Sessions 1–4 were heuristic register matching against the kernel live-dump. Tonight was empirical disambiguation: stopped assuming and started asking the hardware what it actually sees.

u-boot eDP campaign — v10

Branch bin/wip-2026-04-17 on boltzmann:~/src/u-boot carries all vendor-sourced fixes on top of the earlier VOP2/eDP work:

  • hclk DT + driver wire-up.
  • Double-beat adp_write for the eDP controller (was a single-beat quirk).
  • init_video + set_video_format paths added.
  • DPCD enhanced-frame + downspread + training-pattern-disable writes completed.
  • DPCD SINK_STATUS (0x205) read after commit.
  • Alpha=0 bug in the u-boot stripe paint — vendor clusters blend incoming pixels

against VP2_DSP_BG=black with the source alpha. Alpha-0 = source×0 = black

  field regardless of colour. Fixed in v10.
* ''dclk_vop2'' rate was wrong in u-boot (~136 MHz vs the kernel 147.69 MHz);
  fixed by pre-selecting ''V0PLL'' as parent before ''clk_set_rate()'' so the u-boot
  clock driver takes the retune path instead of picking the nearest matching divider
  on the default ancestor.
* VOP MMU disable hypothesis explored; MMU was already bypassed by reset — commit
  reverted, only the diagnostic code remains.

What this unlocked

  • Link trains at HBR×2 without errors.
  • Panel DPCD SINK_STATUS reports IN_SYNC — panel sees a valid stream.
  • Backlight on.
  • BIST colour bars display on the panel (PHY-internal pattern generator driving

the main link). DP TX, PHY, cable, panel, backlight are all healthy.

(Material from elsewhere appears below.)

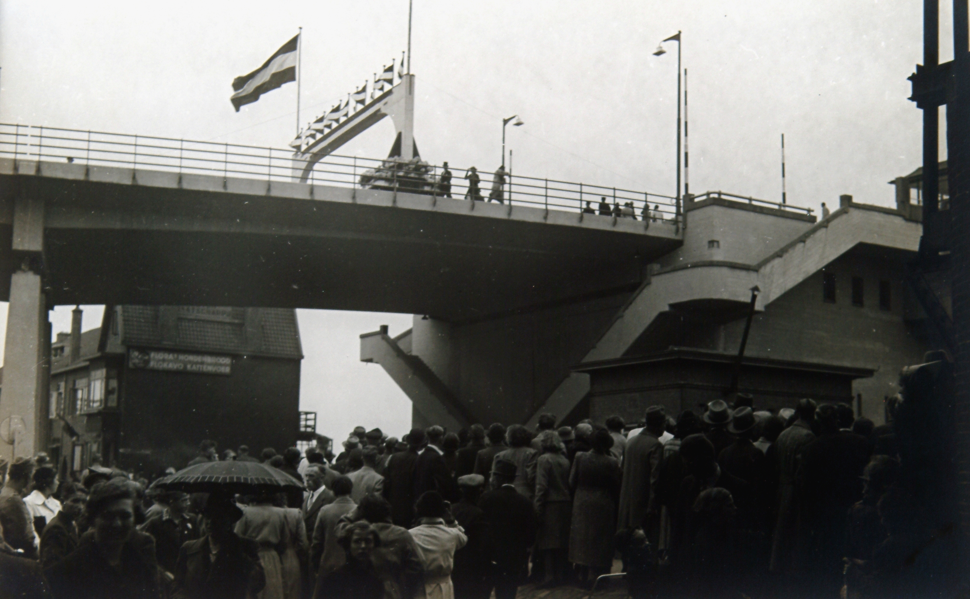 - Ondanks zeer slecht weer was de publieke belangstelling bij de opening van de verkeersbrug over de Oude Maas groot. De Dokweg, naar het zuiden gezien.

  • Own framebuffer still produces no visible pixels. Whatever is wrong is

upstream of DP TX — either VOP2 pixel-output chain or the content format

  we hand to the eDP controller.

Vendor u-boot detour (closes vendor-knows-how)

To rule out we are missing a vendor-secret step, built vendor coolpi-loader from source:

  • ranke = CT171 on data, Debian 12 x86_64, ephemeral historian-named build host.
  • Source: vendor coolpi-loader, branch linux-6.1-stan.
  • Extlinux.conf auto-rewrite hack removed in both linux-6.1-stan (b718d7b1f9) and

linux-6.1-stan-rkr5 (90083ce217) variants — vendor u-boot otherwise edits

  the runtime distro ''/boot/extlinux/extlinux.conf'' on every boot.
* Built + flashed ''genbook_spi.img''. Kernel boots cleanly. **No logo on eDP or
  HDMI.** Same symptom as our own u-boot.
* Web-research agent surfaced the likely reason: vendor u-boot uses
  ''rockchip_show_logo()'', which loads a ''logo'' partition defined in
  ''parameter.txt''. ''genbook_spi.img'' is SPL-region only (8 MB) and does not
  include that partition. The Rockchip wiki explicitly states logo support is
  Android-only: not implemented for Linux. That probably explains why the
  vendor image does not light eDP on this reference board either.
* Rebuilt on ''linux-6.1-stan-rkr5'' (Apr-2026, significant display/analogix_dp
  fixes over Jan-2026 ''stan''). Resulting image did not boot — idblock / u-boot
  FIT version mismatch between the vendor-baseline idblock and the rkr5 u-boot.img.
* Panel SKU fork noted: BOE NV140FHM-N42 / N61 / N66 across hardware revisions.
  Vendor u-boot panel timings may not match our specific SKU even with a working
  logo path.

Conclusion: vendor u-boot is not a working reference for eDP-logo. The vendor-knows-how assumption is dead.

Flash protocol confirmed

  • flashcp –partition <8mb-img> /dev/mtd0 via SSH into the running Arch

userland is reliable across iterations. Default path.

  • rkdeveloptool maskrom: one wl 0 <8mb-img> per fresh maskrom session.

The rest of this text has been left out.